An exact copy of the entries is required, excluding any pictures.
_ _ _ _ _
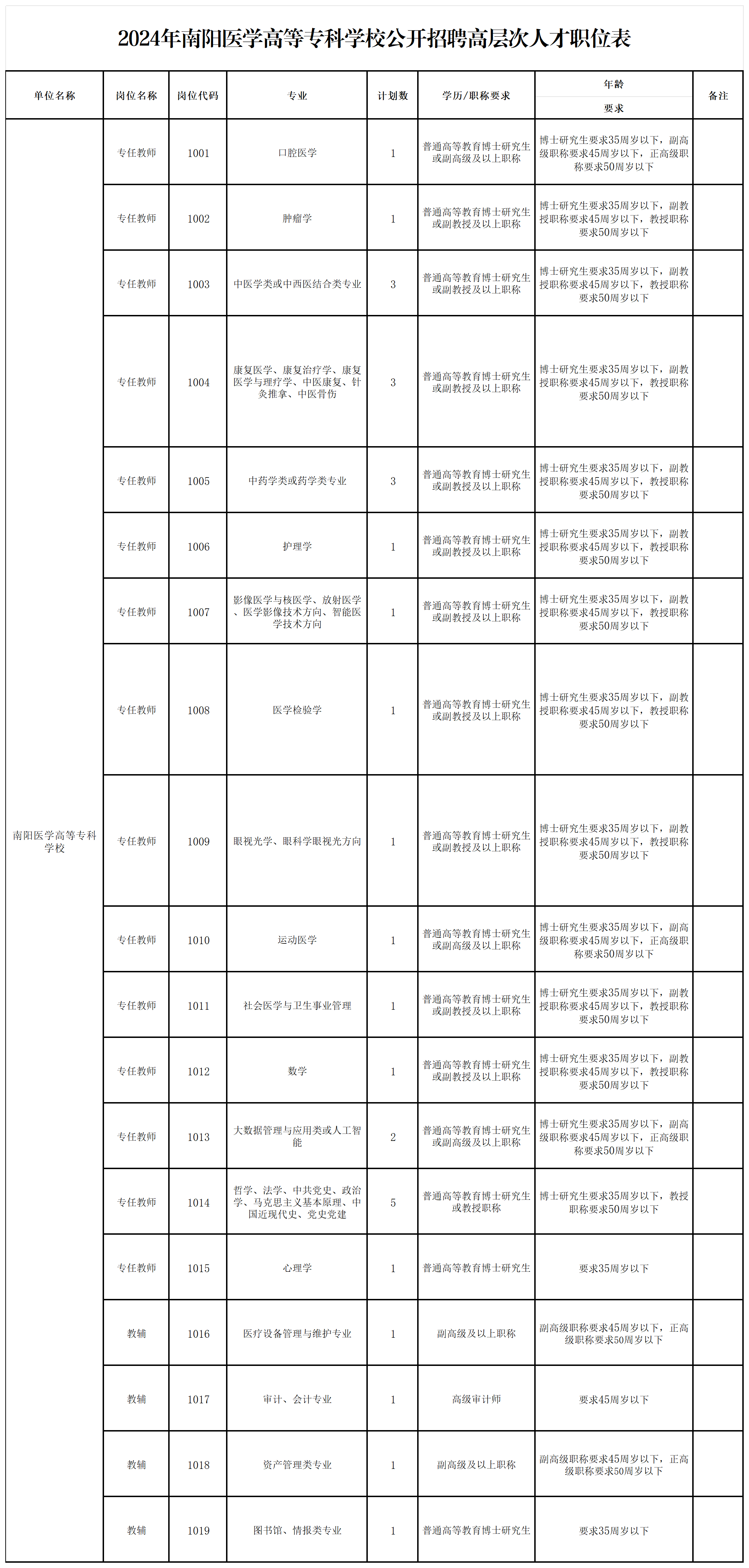 南陽醫學高等專科學校2024年公開招聘高層次人才公告
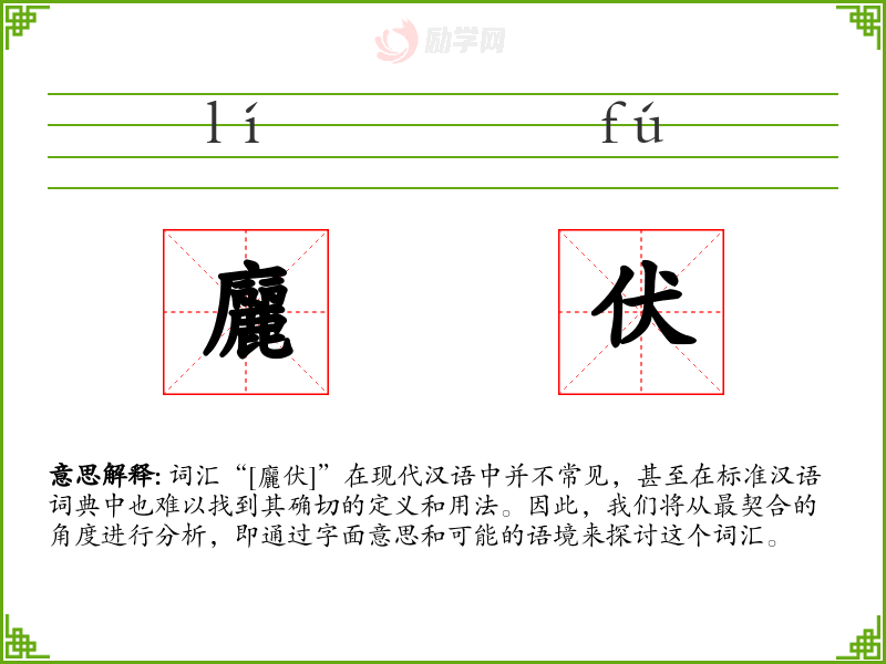 词汇“[廲伏]”在现代汉语中并不常见,甚至在标准汉语词典中也难以找到其确切的定义和用法。因此,我们将从最契合的角度进行分析,即通过字面意思和可能的语境来探讨这个词汇。
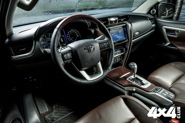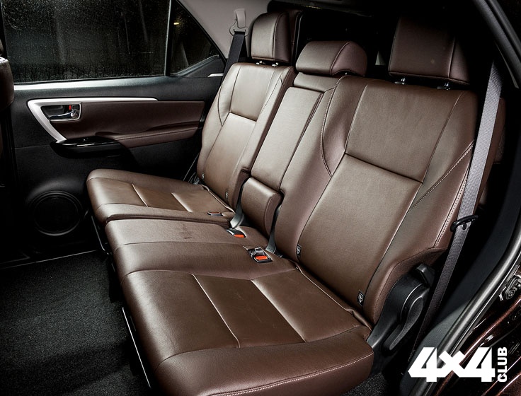Fortuner — редкий сегодня пример крупного внедорожника, чей имидж не испорчен экспериментальным дизайном или соображениями аэродинамики. Семиместный салон, несмотря на неминуемое утяжеление задней части, вписан в обводы машины вполне гармонично (может быть, всё дело в изгибе подоконной линии задних окон, которым вторят непривычные контуры задних арок). В целом внедорожник не перешёл грань чрезмерной гламурности, оставив некоторую долю примитива в грубо очерченной губе бампера. Да и корма избежала стилистического экстремизма — всё размеренно и аккуратно. Внутри ещё интереснее. Интерьер только слегка похож на Hilux. Большая часть деталей своя, причём заметно более качественная. В целом архитектура получилась лаконичной и по впечатлению недешёвой: приятная на ощупь кожа, много прямых линий, минимум матового пластика… Пожалуй, среди подобных внедорожников это самый сбалансированный интерьер. Места на переднем сиденье с запасом даже для рослого водителя. И как я не пытался избегать сравнений, тут без них, видимо, не обойтись. Понятно, что самый очевидный конкурент Fortuner — Mitsubishi Pajero Sport. Опустив субъективизм в сравнениях внешности, отмечу, что Toyota заметно просторнее и в плечах, и в области ног. Средний ряд я бы назвал стандартным для машин подобного класса: три полноценных места, подушка, поднятая выше передних, регулировка угла наклона спинок. Сами сиденья можно сложить в неравной пропорции, открывая проход на третий ряд. Кстати, третий ряд обязателен для обеих комплектаций машины. Сиденья по-тойотовски складываются к бортам и крепятся там захватами. В сложенном состоянии на крупных кочках они дают о себе знать постукиванием. Несомненно, часть владельцев их сразу снимет, благо сделать это совсем просто. Под полом багажника — полноразмерная запаска, крепит которую традиционный подъёмный механизм с отдельной рукояткой, похожей на тоненький «кривой стартер». Ей же приводится в действие и домкрат — всё стандартно. А ещё внутри Toyota Fortuner тихо. Если не брать в расчёт грохот незакреплённой поклажи да постукивание сидений третьего ряда, в салон прорывается только звук мотора, да и то лишь при динамичных обгонах.
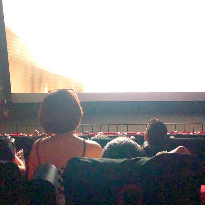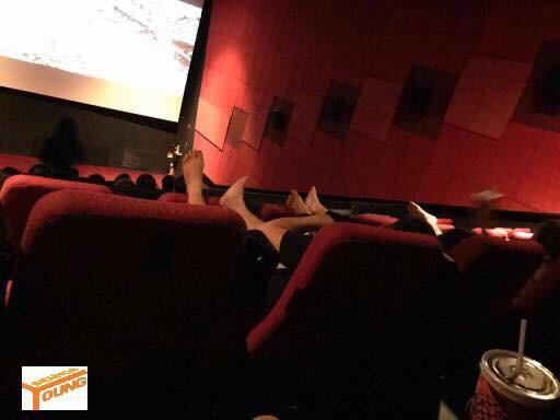 “Trần đời thấy bực nhất là mấy đôi mua hai vé xong ngồi lên đùi nhau như thế này. Nếu ôm ấp thì không nói nhưng ngồi cao như thế này thì ai còn xem phim được nữa. Thậm chí cặp này còn nằm lên đùi nhau cơ.
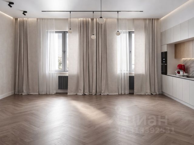Квартира расположена в тихом квартале на высоком этаже жилого комплекса, что даёт возможность находится в эпицентре событий района Хамовники, но наслаждаться камерностью так, как на этаже по две квартиры.
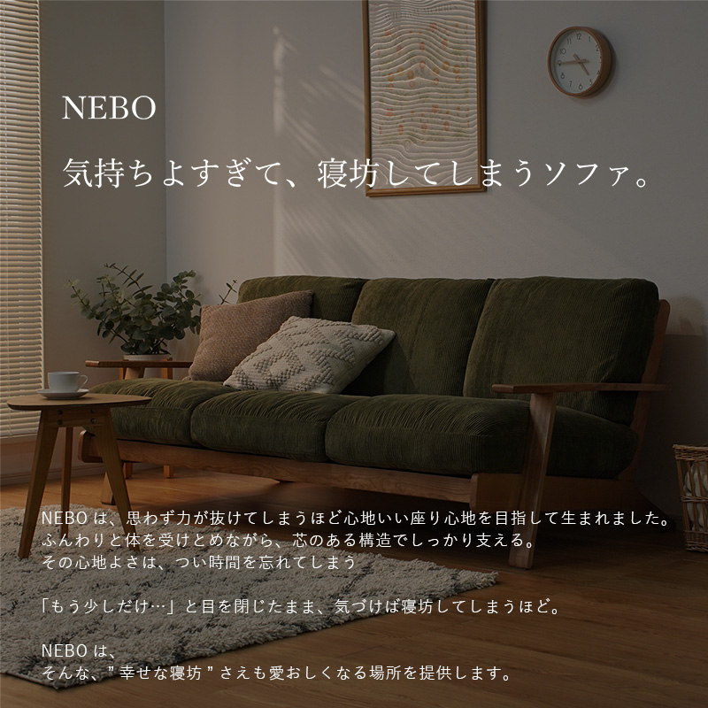 | “気持ち良すぎて、ねぼうしてしまうソファ。 NEBOは、思わず力が抜けてしまうほど心地いい座り心地を目指して生まれました。 ふんわりと体を受け止めながら、ほどよい硬さの座面でしっかり支える。 その心地よさは、つい時間を忘れてしまう「もう少しだけ・・・」と目を閉じたまま、気づけば寝坊してしまうほど。 NEBOは、そんな、“幸せな寝坊“さえも愛おしくなる場所を提供します。 ゆったり寄りかかった瞬間、体にふわっと馴染む心地よさ。背もたれと座面の絶妙な角度が姿勢を自然に導き、長時間でも疲れにくい安定した座り心地を叶えます。 | |
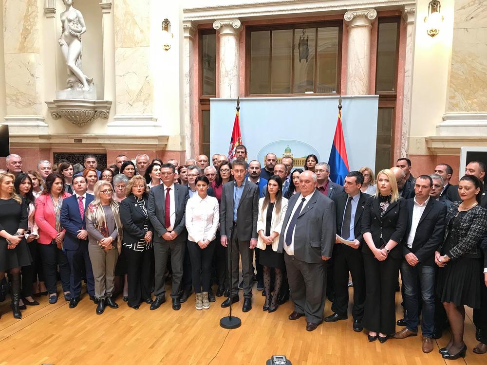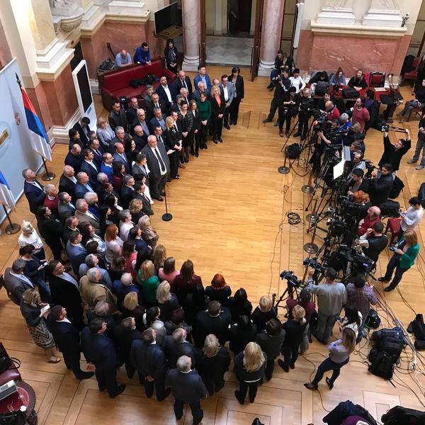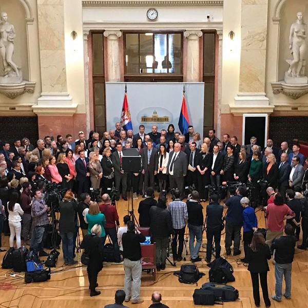 On je još rekao da poslanici koji su trenutno prisutni u Skupštini, a to su poslanici vladajuće koalicije - SNS, SPS, SDPS, NS-UŠ, Pokreta socijalista, da su oni spremni da od danas, pa do kad bude potrebno brane parlament.
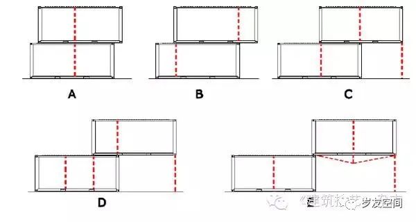 集裝箱結(jié)構(gòu)太重要了!再有創(chuàng)意,設(shè)計手法再純粹,只要結(jié)構(gòu)一加,分分鐘會毀掉一個方案。這塊一般情況下要依據(jù)相應(yīng)的標(biāo)準(zhǔn)做下結(jié)構(gòu)力的測算。下面列舉幾種形式的加柱方式。當(dāng)然,也可以使用斜撐的結(jié)構(gòu)。室內(nèi)設(shè)計的時候還要考慮如何裝飾鋼筋混凝土柱,鋼柱等結(jié)構(gòu)構(gòu)件,讓它們與室內(nèi)融為一體。一些附加的構(gòu)件、墻體去和集裝箱組合成一體是一種重要的方式,它會讓你的集裝箱建筑顯得不那么太工業(yè)味道。
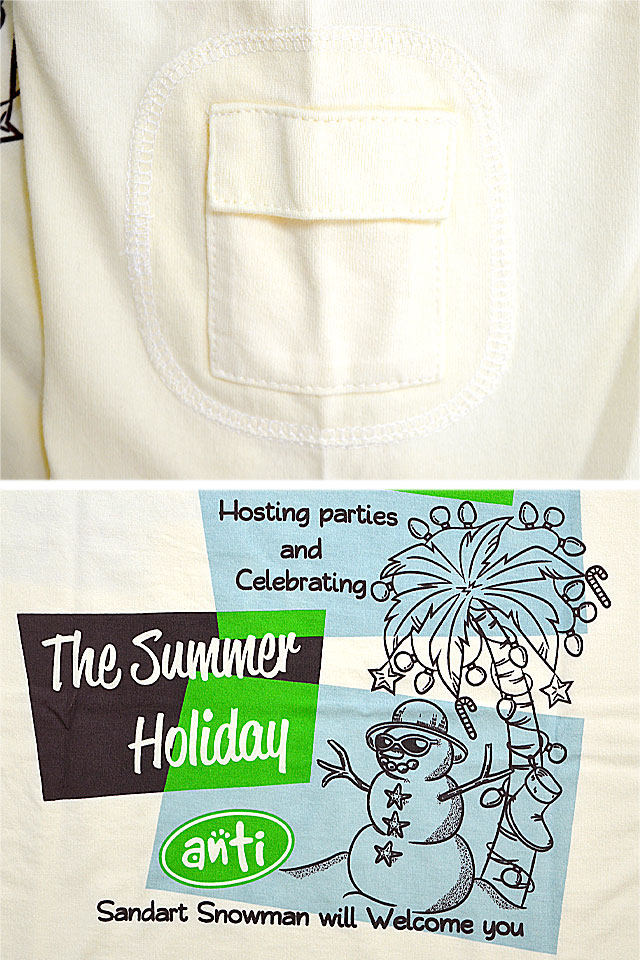 背中には、南国アレンジのクリスマスツリーと雪だるまをレトロなアートでプリント。
_ _ _ _ _
Output below
 南陽醫學高等專科學校2024年公開招聘高層次人才公告
 词汇“[廲伏]”在现代汉语中并不常见,甚至在标准汉语词典中也难以找到其确切的定义和用法。因此,我们将从最契合的角度进行分析,即通过字面意思和可能的语境来探讨这个词汇。
Fortuner — редкий сегодня пример крупного внедорожника, чей имидж не испорчен экспериментальным дизайном или соображениями аэродинамики. Семиместный салон, несмотря на неминуемое утяжеление задней части, вписан в обводы машины вполне гармонично (может быть, всё дело в изгибе подоконной линии задних окон, которым вторят непривычные контуры задних арок). В целом внедорожник не перешёл грань чрезмерной гламурности, оставив некоторую долю примитива в грубо очерченной губе бампера. Да и корма избежала стилистического экстремизма — всё размеренно и аккуратно. Внутри ещё интереснее. Интерьер только слегка похож на Hilux. Большая часть деталей своя, причём заметно более качественная. В целом архитектура получилась лаконичной и по впечатлению недешёвой: приятная на ощупь кожа, много прямых линий, минимум матового пластика… Пожалуй, среди подобных внедорожников это самый сбалансированный интерьер. Места на переднем сиденье с запасом даже для рослого водителя. И как я не пытался избегать сравнений, тут без них, видимо, не обойтись. Понятно, что самый очевидный конкурент Fortuner — Mitsubishi Pajero Sport. Опустив субъективизм в сравнениях внешности, отмечу, что Toyota заметно просторнее и в плечах, и в области ног. Средний ряд я бы назвал стандартным для машин подобного класса: три полноценных места, подушка, поднятая выше передних, регулировка угла наклона спинок. Сами сиденья можно сложить в неравной пропорции, открывая проход на третий ряд. Кстати, третий ряд обязателен для обеих комплектаций машины. Сиденья по-тойотовски складываются к бортам и крепятся там захватами. В сложенном состоянии на крупных кочках они дают о себе знать постукиванием. Несомненно, часть владельцев их сразу снимет, благо сделать это совсем просто. Под полом багажника — полноразмерная запаска, крепит которую традиционный подъёмный механизм с отдельной рукояткой, похожей на тоненький «кривой стартер». Ей же приводится в действие и домкрат — всё стандартно. А ещё внутри Toyota Fortuner тихо. Если не брать в расчёт грохот незакреплённой поклажи да постукивание сидений третьего ряда, в салон прорывается только звук мотора, да и то лишь при динамичных обгонах.
 “Trần đời thấy bực nhất là mấy đôi mua hai vé xong ngồi lên đùi nhau như thế này. Nếu ôm ấp thì không nói nhưng ngồi cao như thế này thì ai còn xem phim được nữa. Thậm chí cặp này còn nằm lên đùi nhau cơ.
Квартира расположена в тихом квартале на высоком этаже жилого комплекса, что даёт возможность находится в эпицентре событий района Хамовники, но наслаждаться камерностью так, как на этаже по две квартиры.
 | “気持ち良すぎて、ねぼうしてしまうソファ。 NEBOは、思わず力が抜けてしまうほど心地いい座り心地を目指して生まれました。 ふんわりと体を受け止めながら、ほどよい硬さの座面でしっかり支える。 その心地よさは、つい時間を忘れてしまう「もう少しだけ・・・」と目を閉じたまま、気づけば寝坊してしまうほど。 NEBOは、そんな、“幸せな寝坊“さえも愛おしくなる場所を提供します。 ゆったり寄りかかった瞬間、体にふわっと馴染む心地よさ。背もたれと座面の絶妙な角度が姿勢を自然に導き、長時間でも疲れにくい安定した座り心地を叶えます。 | |
 On je još rekao da poslanici koji su trenutno prisutni u Skupštini, a to su poslanici vladajuće koalicije - SNS, SPS, SDPS, NS-UŠ, Pokreta socijalista, da su oni spremni da od danas, pa do kad bude potrebno brane parlament.
 集裝箱結(jié)構(gòu)太重要了!再有創(chuàng)意,設(shè)計手法再純粹,只要結(jié)構(gòu)一加,分分鐘會毀掉一個方案。這塊一般情況下要依據(jù)相應(yīng)的標(biāo)準(zhǔn)做下結(jié)構(gòu)力的測算。下面列舉幾種形式的加柱方式。當(dāng)然,也可以使用斜撐的結(jié)構(gòu)。室內(nèi)設(shè)計的時候還要考慮如何裝飾鋼筋混凝土柱,鋼柱等結(jié)構(gòu)構(gòu)件,讓它們與室內(nèi)融為一體。一些附加的構(gòu)件、墻體去和集裝箱組合成一體是一種重要的方式,它會讓你的集裝箱建筑顯得不那么太工業(yè)味道。
 背中には、南国アレンジのクリスマスツリーと雪だるまをレトロなアートでプリント。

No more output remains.